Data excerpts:
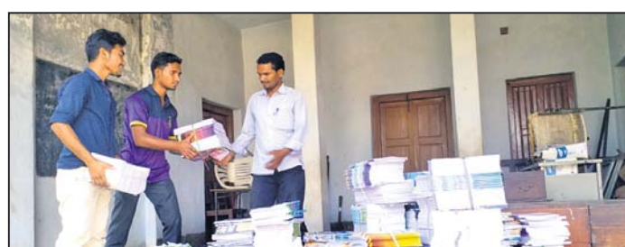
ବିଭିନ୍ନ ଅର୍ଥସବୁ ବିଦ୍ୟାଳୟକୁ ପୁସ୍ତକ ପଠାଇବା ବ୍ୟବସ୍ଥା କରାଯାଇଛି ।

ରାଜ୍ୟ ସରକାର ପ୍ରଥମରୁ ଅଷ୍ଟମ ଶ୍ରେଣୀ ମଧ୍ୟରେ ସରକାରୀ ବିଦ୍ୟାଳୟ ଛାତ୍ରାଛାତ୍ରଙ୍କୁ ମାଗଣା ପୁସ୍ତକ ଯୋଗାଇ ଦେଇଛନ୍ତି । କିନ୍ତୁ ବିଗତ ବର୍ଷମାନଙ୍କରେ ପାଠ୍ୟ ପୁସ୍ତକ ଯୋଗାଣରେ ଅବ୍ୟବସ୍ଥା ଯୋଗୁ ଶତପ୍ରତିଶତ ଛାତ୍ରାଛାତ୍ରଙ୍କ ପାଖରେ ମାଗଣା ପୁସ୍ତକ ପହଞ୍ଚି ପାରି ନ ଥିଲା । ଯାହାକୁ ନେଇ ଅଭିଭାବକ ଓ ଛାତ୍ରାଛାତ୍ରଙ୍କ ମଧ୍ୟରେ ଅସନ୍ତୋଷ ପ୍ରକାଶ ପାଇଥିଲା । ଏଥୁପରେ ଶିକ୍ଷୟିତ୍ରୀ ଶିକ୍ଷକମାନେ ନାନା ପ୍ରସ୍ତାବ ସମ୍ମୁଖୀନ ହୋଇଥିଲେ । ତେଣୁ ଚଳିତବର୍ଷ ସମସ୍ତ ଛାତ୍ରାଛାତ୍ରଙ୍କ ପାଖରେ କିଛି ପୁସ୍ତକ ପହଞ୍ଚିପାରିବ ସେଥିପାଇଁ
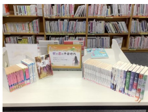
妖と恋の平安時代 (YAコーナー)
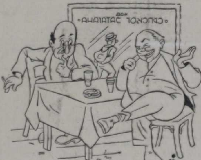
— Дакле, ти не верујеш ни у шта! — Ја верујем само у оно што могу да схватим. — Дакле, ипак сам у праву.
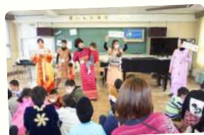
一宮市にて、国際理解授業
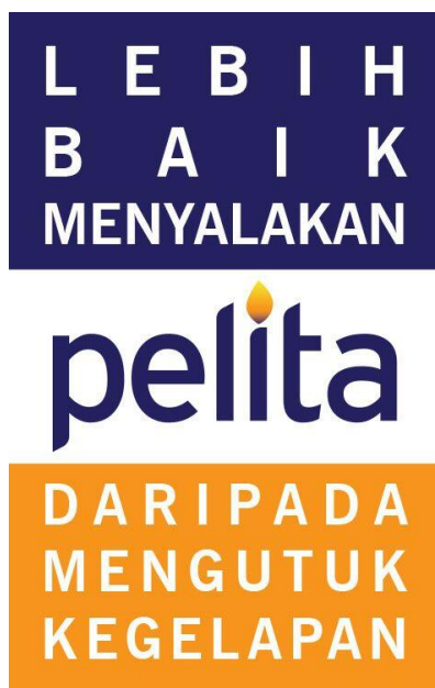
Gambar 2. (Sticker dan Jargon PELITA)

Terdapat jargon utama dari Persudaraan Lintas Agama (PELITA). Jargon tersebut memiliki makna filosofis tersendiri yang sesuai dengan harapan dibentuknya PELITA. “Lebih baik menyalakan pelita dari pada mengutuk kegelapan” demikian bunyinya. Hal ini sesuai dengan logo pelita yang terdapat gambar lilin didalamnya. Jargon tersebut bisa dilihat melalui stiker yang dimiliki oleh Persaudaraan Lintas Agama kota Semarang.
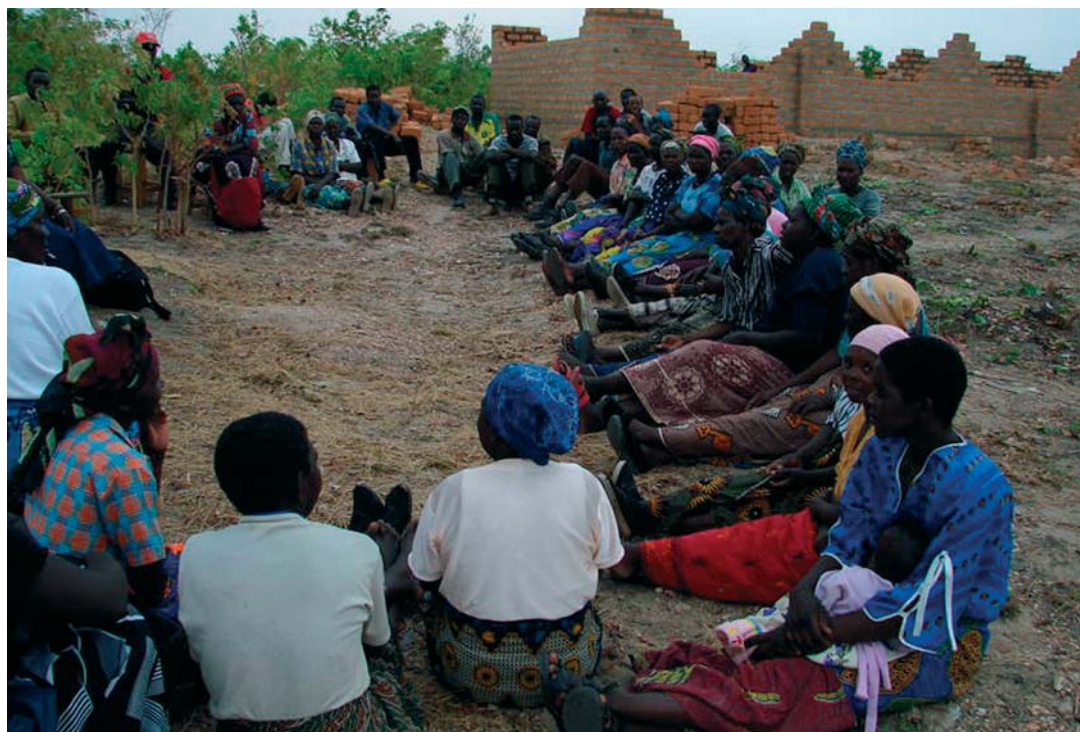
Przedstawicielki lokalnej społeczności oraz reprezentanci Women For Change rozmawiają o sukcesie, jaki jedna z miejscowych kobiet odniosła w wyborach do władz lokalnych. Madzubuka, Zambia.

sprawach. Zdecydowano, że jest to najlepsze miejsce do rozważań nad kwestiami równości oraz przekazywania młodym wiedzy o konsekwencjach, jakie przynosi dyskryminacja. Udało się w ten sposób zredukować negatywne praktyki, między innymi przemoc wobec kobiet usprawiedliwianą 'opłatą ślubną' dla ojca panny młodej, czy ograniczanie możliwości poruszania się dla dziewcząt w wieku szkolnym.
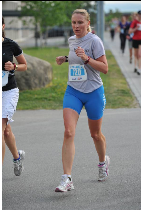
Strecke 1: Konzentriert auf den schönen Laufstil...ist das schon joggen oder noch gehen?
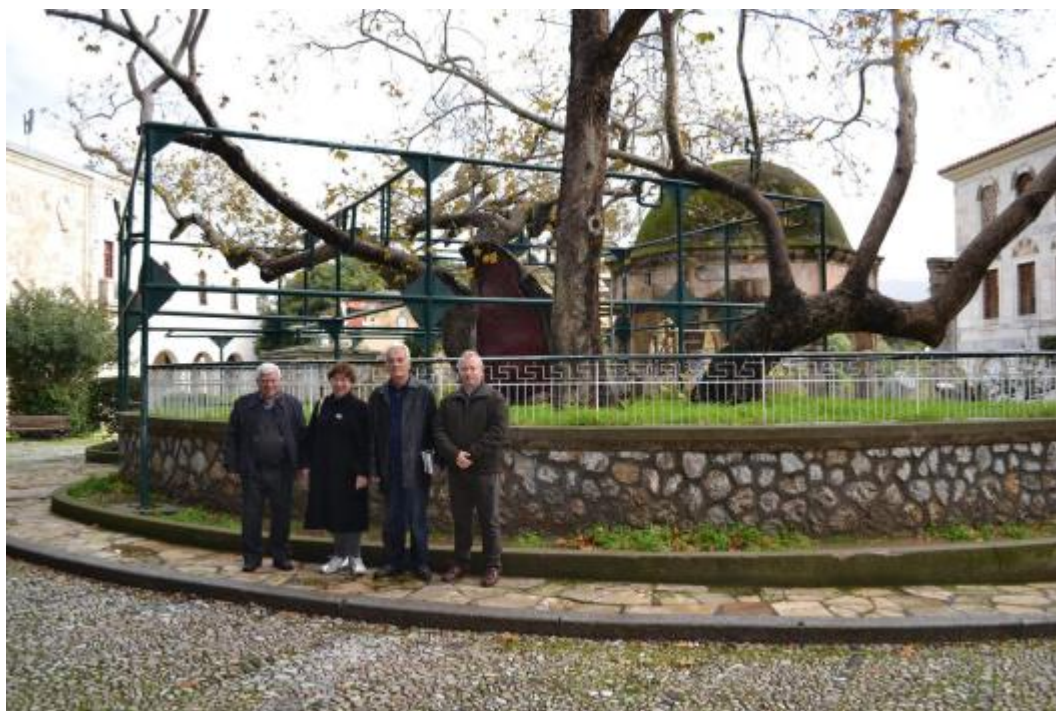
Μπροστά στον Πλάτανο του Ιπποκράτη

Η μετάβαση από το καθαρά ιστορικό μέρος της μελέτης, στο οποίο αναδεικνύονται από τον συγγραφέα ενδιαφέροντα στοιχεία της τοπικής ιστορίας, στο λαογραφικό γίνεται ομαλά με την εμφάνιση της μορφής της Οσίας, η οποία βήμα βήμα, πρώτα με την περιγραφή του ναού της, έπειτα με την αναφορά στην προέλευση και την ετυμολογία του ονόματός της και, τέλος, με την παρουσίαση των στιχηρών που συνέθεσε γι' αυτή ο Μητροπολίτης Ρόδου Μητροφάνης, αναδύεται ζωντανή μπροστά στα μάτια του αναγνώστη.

Exercise requirements:
Wherever "Jargon" occurs in the records above, copy the line it sits in.

Answer to this problem:
Gambar 2. (Sticker dan Jargon PELITA)
Terdapat jargon utama dari Persudaraan Lintas Agama (PELITA). Jargon tersebut memiliki makna filosofis tersendiri yang sesuai dengan harapan dibentuknya PELITA. “Lebih baik menyalakan pelita dari pada mengutuk kegelapan” demikian bunyinya. Hal ini sesuai dengan logo pelita yang terdapat gambar lilin didalamnya. Jargon tersebut bisa dilihat melalui stiker yang dimiliki oleh Persaudaraan Lintas Agama kota Semarang.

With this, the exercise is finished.